Yaşlılık bir gün mutlaka geliyor, istesek de istemesek de. Bu durak herkes için ve kaçınılmaz bir durak. 

Kimse yaşlanmasının nasıl gerçekleşeceğini bilmiyor ve belirleyemiyor. Şimdiye kadar hiç kimse kemiklerinin kırılganlığını, kaslarının zayıflamasını, depresif olmayı, unutkanlığı ve demansı kendi seçmiş değil. Hiç kimse eklemleri bozulsun, omurgası eğrilsin, ufaldıkça ufalsın ister mi? Ama olur işte bunlar. Önceki yıllarda kolaylıkla karşı çıkılan 'Yerçekimi Kuvveti' yaşlılık döneminde artık merhametsizce aşağı çekmekte ve düşürüp kırmakta ısrarcıdır.

Öğrenciyken tıp kitaplarından okunan, derslerde hocalardan dinlenen, sonraları kendi yakınlarımızda, çevremizde, hastalarımızda gördüğümüz  yaşlılık bulgularının gün gelir bize de uğrayacağını ve bir daha gitmeyeceğini düşünebilir miydik? Yaşlılık ile karşılaştığımızda anne ve babamız hayatta olmadığı için cephede tek başına kalırız. Öte taraf ile bu taraf arasında dayanacağımız tampon artık yoktur. İlerleyen yaşla birlikte bir gerçeğin daha farkına varılır.
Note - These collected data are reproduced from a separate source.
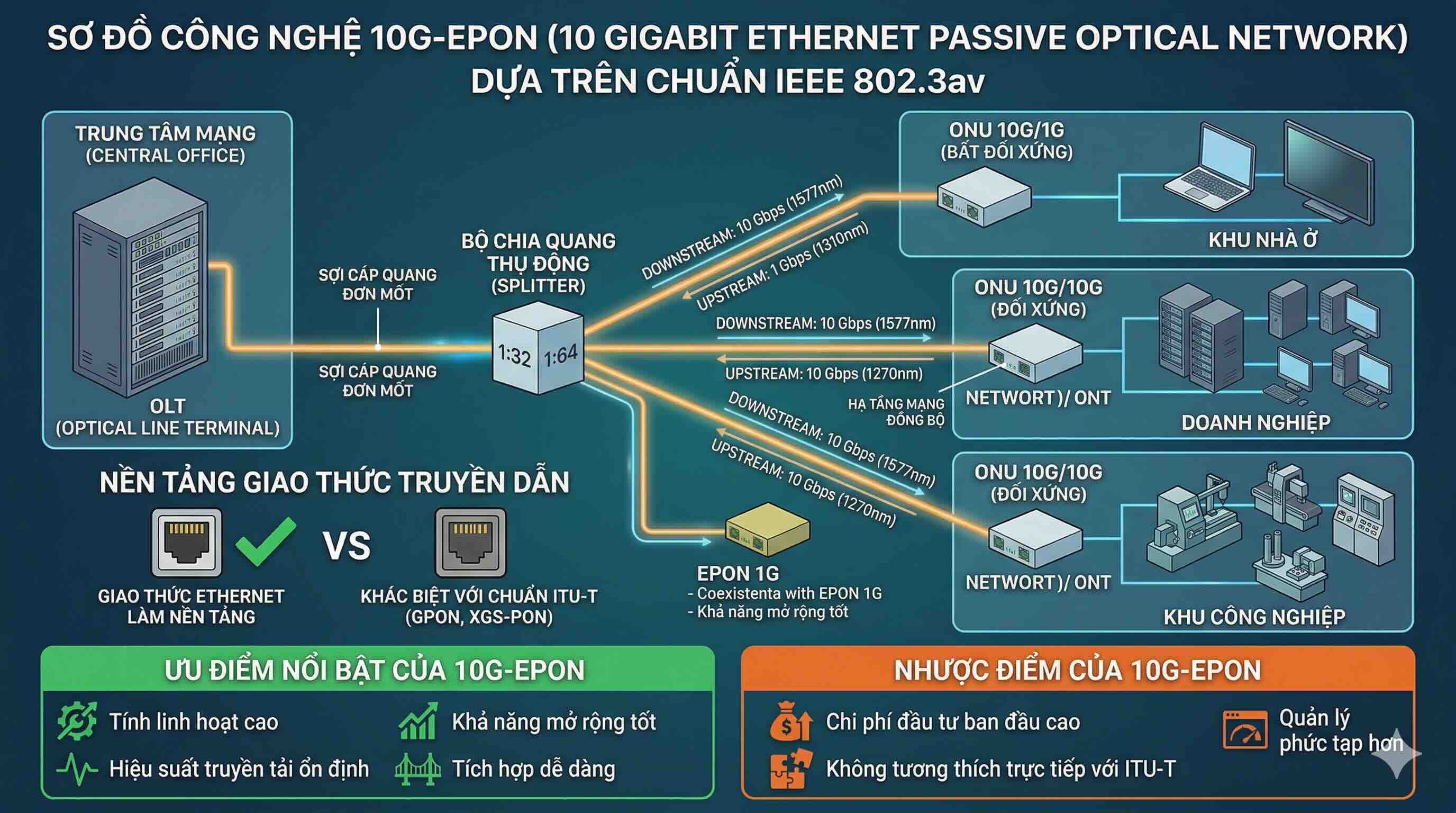 Ưu điểm của 10G-EPON là hiệu suất cao, linh hoạt trong việc cấu hình băng thông và tối ưu cho các ứng dụng doanh nghiệp lớn, khu công nghiệp và mạng Ethernet. Tuy nhiên, nếu không có hạ tầng EPON trước đó, việc triển khai 10G-EPON đòi hỏi xây dựng hạ tầng riêng biệt, làm tăng chi phí và độ phức tạp.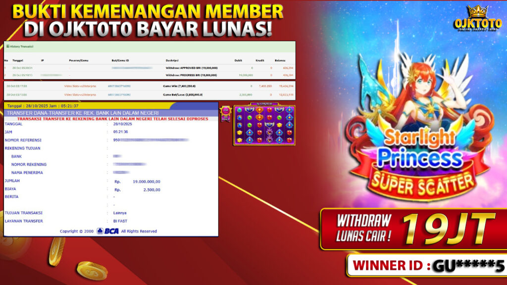 Bandar togel OJKTOTO merupakan bandar togel dan slot online yang membayar semua kemenangan member hingga lunas. Setiap pembayaran pada situs kami dilakukan dengan cara transfer ke rekening tujuan yang sudah di daftarkan pada situs togel online kami, Pembayaran hanya dapat di proses jika rekening yang di daftarkan telah valid dan dapat di transfer. Semua kemenangan member yang mendapatkan hadiah jackpot terbesar akan kami posting agar semua pemain dapat melihat bandar situs terpercaya OJKTOTO ini membayar semua kemenangan member hingga lunas. Setiap postingan yang kami posting akan kami lakukan sensor pada nomor rekening 4 digit dan nama rekening untuk menjaga privasi dan kerahasiaan member. Postingan Jackpot yang kami posting agar member atau pemain yang belum pernah bermain bisa melihat bandar togel Bukan Kaleng Kaleng Seperti OJKTOTO ini, Semua postingan jackpot yang kami posting dapat di lihat data keasliannya melalui nomor reff yang di tunjukan pada bank atau mbanking saat kita melakukan transfer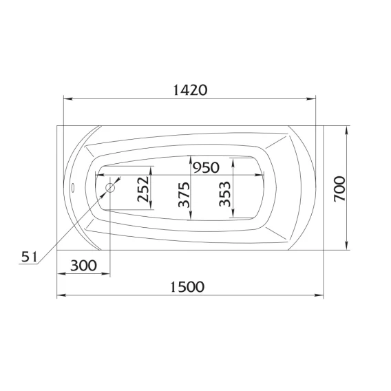 Акриловая ванна 150x70 см 1Marka Elegance 01эл1570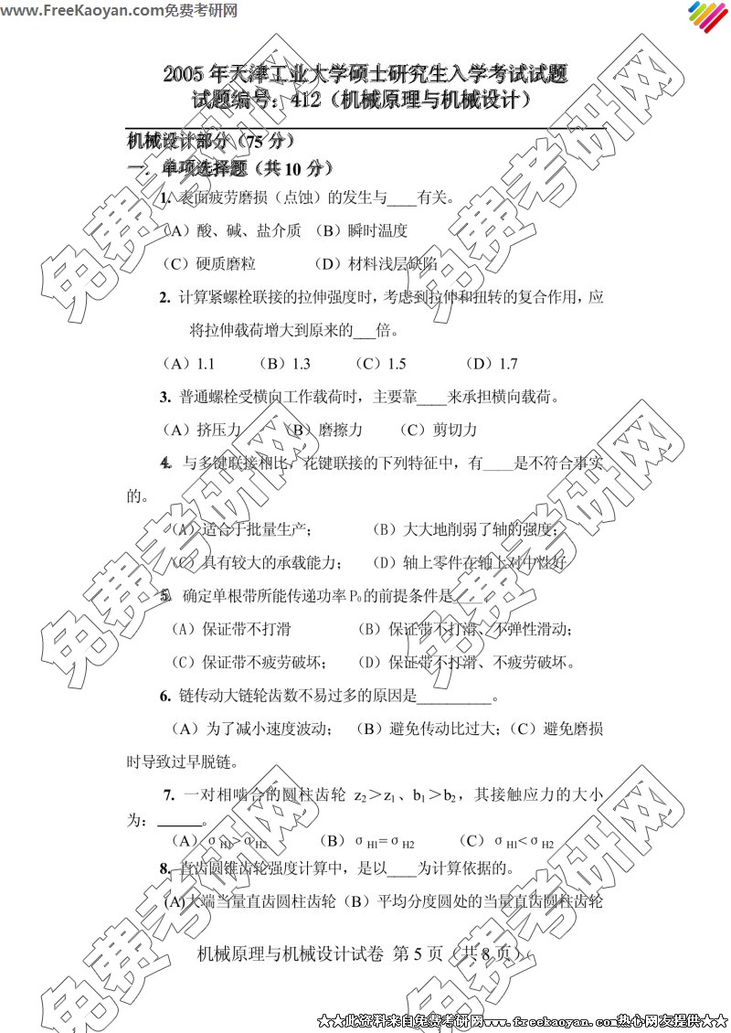 天津工业大学2005年考研真题-机械原理与机械设计(5)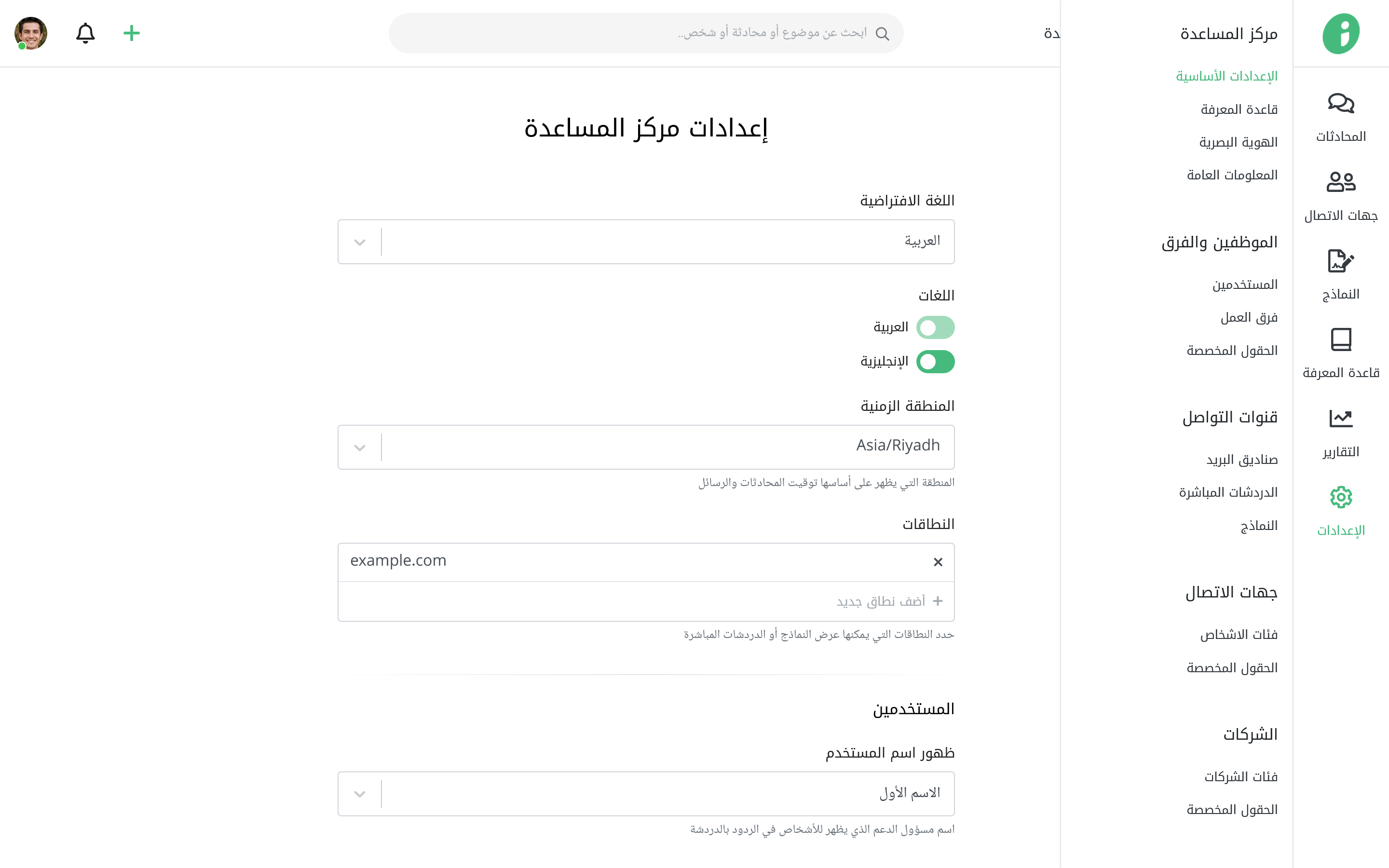 استخدم إعدادات مركز المساعدة للتحكم ببيانات العملاء وصلاحيات الفرق وخصصها لتناسب طريقة عملك.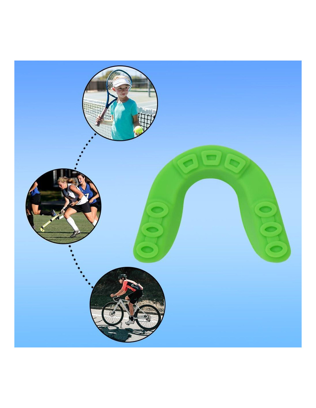 - Amplia aplicabilidad: Este protector bucal deportivo se puede aplicar a muchas actividades deportivas, como baloncesto, fútbol, voleibol, patinaje sobre hielo, boxeo, béisbol, artes marciales, etc.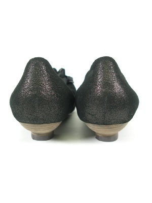 丸いトゥについたコサージュが可愛いパンプス。黒の生地に細かいラメ入り。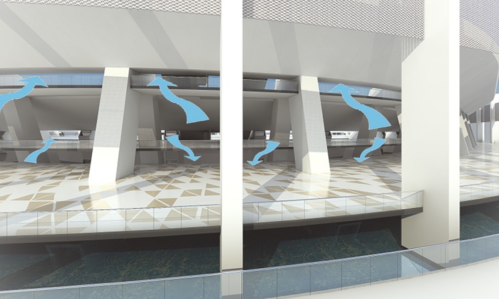 Additionally, using the Venturi effect, the designers propose to hasten air pressure across the colonnades to further promote cooling. These also provide thermal massing.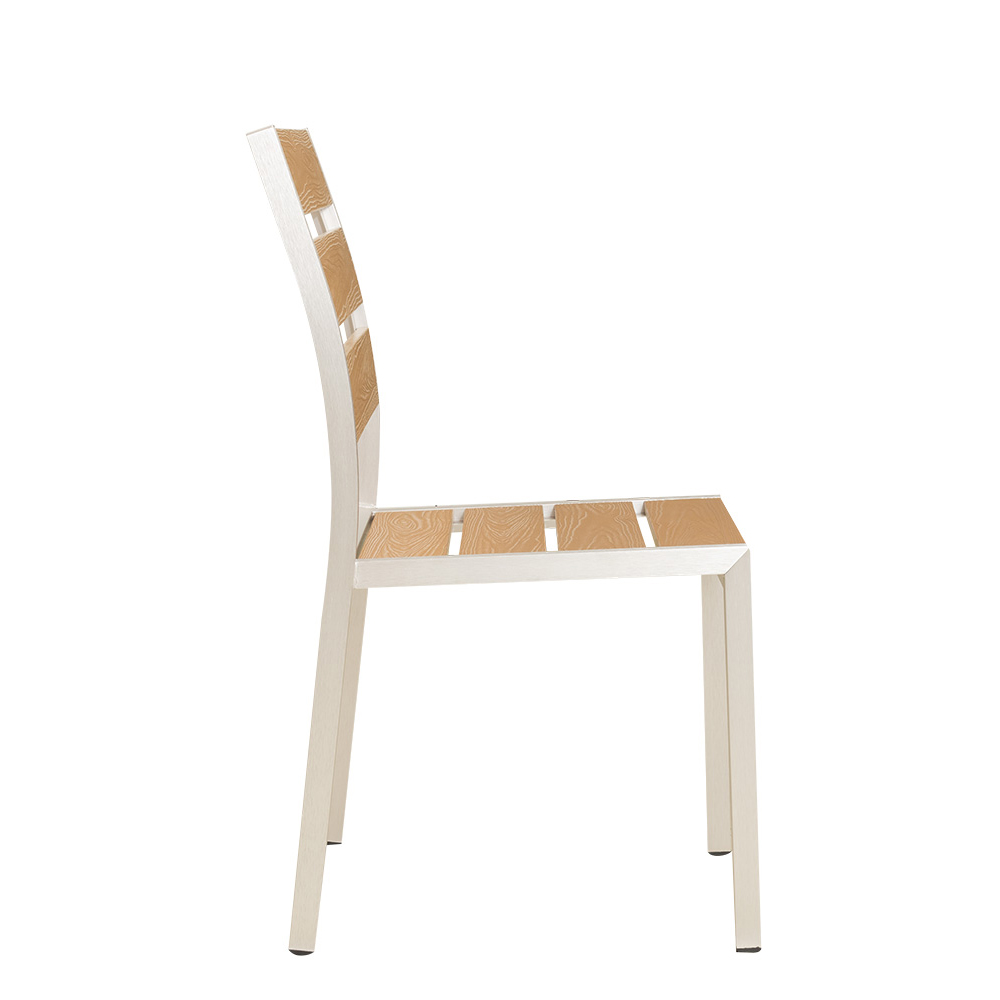 Wetterfester Gastronomiestuhl mit stilvoller Holzoptik für den Outdoor-Bereich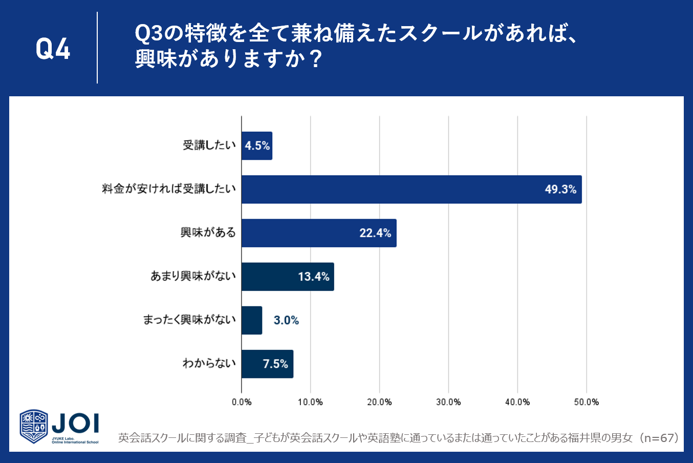 Q4で「Q3の特徴を全て兼ね備えたスクールがあれば、興味がありますか?」と質問したところ、福井県では4.5%が受講を希望し、49.3%は料金が手頃であれば受講したいと考えています。さらに、22.4%は興味を示していると回答しました。多くの人がこのような特徴を持つスクールに一定の興味を示していることが分かります。

Önünüzde ulaşılması gereken yol artık tektir ve bu yaşamdan ayrılmaya giden yoldur.  Daha ulaşılacak umut yolları olduğunu düşünenler, böyle bir umudun olmadığını görecektir.

Bu dönemde araya girebilen sosyal sorunlar ve kayıplar kişiyi psikolojik bozukluklar içine sokabiliyor. Yapılan anketlere göre, yaşlıları ilgisizlik, hastalık ve ölüm korkutuyor. Toplumun yaşlılara karşı olan tutumunda gerçek o ki, ilgisizlik ve duyarsızlık söz konusu. Bir kısım insana yaşlılık dönemini nerede geçirmek istediği sorulduğunda %40'ı tek başına da olsa kendi evinde, %30'u ise çocuklarıyla birlikte olmak istediklerini ifade ediyor.

Yine anketlerin sonuçlarına göre, günümüz gençlerinin yaşlılara gereken ilgiyi göstermediği sonucu ortaya çıkmış. İlgi gösterdikleri sonucu ortaya çıksaydı doğrusu ya çok şaşardım!.. Önemli değil, onlar da yaşlanacaklar. Bu süreç herkes için. 

Yaşam denen öyküye veda etmeye hazırlanılan yıllarda, doğanın görkemine ve her şeye bakan gözler artık hüznü yansıtan puslu gözler olup dillerde dolanıp duranlar ise, af dileyen sözcükler olmaktadır.